-- Opening Marker --

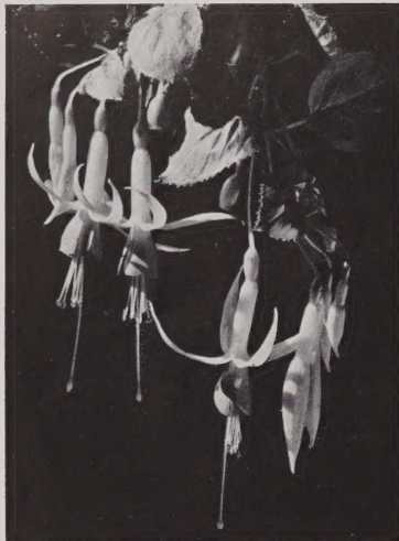
Mrs. Rundle—Hanging Basket Variety

growth and continuous bloom. Probably the most red double fuchsia, particularly brilliant in garden display.
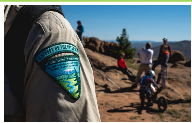
BLM Seasonal Monitoring a Motorized Event

GFO plans to field three campground hosts in FY22 (an additional host at Hartman Rocks) with a projected total reimbursement of $11,000. These hosts will continue to orient visitors, maintain facilities, and manage reservation systems. GFO has committed $38,000 in a task agreement with Colorado Youth Corps Association to fund two developed recreation/wilderness interns and a visitor use assistant intern to maintain facilities, orient and educate visitors, and process fees. GFO will employ 2 additional 6-month (1,039 hour) recreation park rangers; a total of $49,123.92.
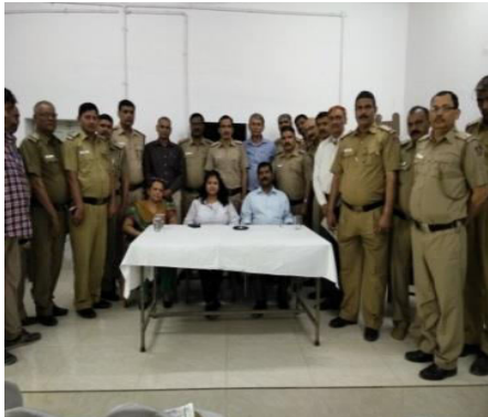
After group discussion
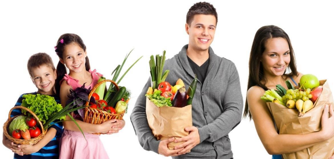
Fig. A2. The poster featuring an injunctive peer norm.*

Wusstest Du, dass die meisten Schüler denken, ihre Mitschüler sollten jeden Tag Obst und Gemüse als Snack essen?
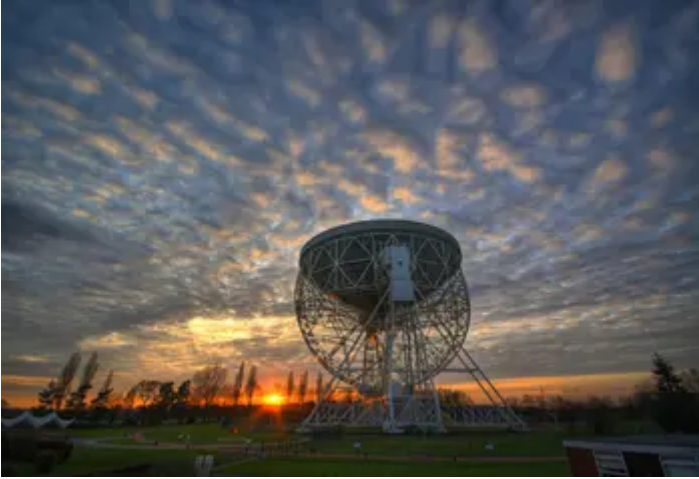
The Lovell Telescope at Jodrell Bank at sunset
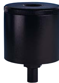
MS-50 Metal Sump Drain (External) Temp: 175°F (79°C) Pressure: 250 PSIG (17 bar) 1/8" NPT Drain Connection 1/2" NPT Inlet Connection
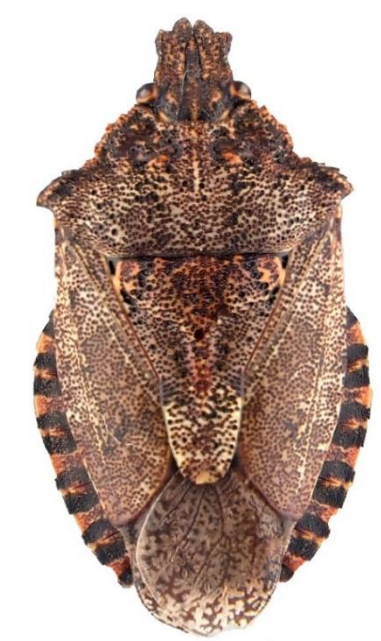
Brochymena quadripustulata (13-18 mm)

-- Closing Marker --

**Problem**.
Everything from the line with "MS-50 Metal Sump" through the end of the records above, both ends included, is to be reproduced exactly, and nothing outside that span; the pictures are to be dropped.

**Response**.
MS-50 Metal Sump Drain (External) Temp: 175°F (79°C) Pressure: 250 PSIG (17 bar) 1/8" NPT Drain Connection 1/2" NPT Inlet Connection
Brochymena quadripustulata (13-18 mm)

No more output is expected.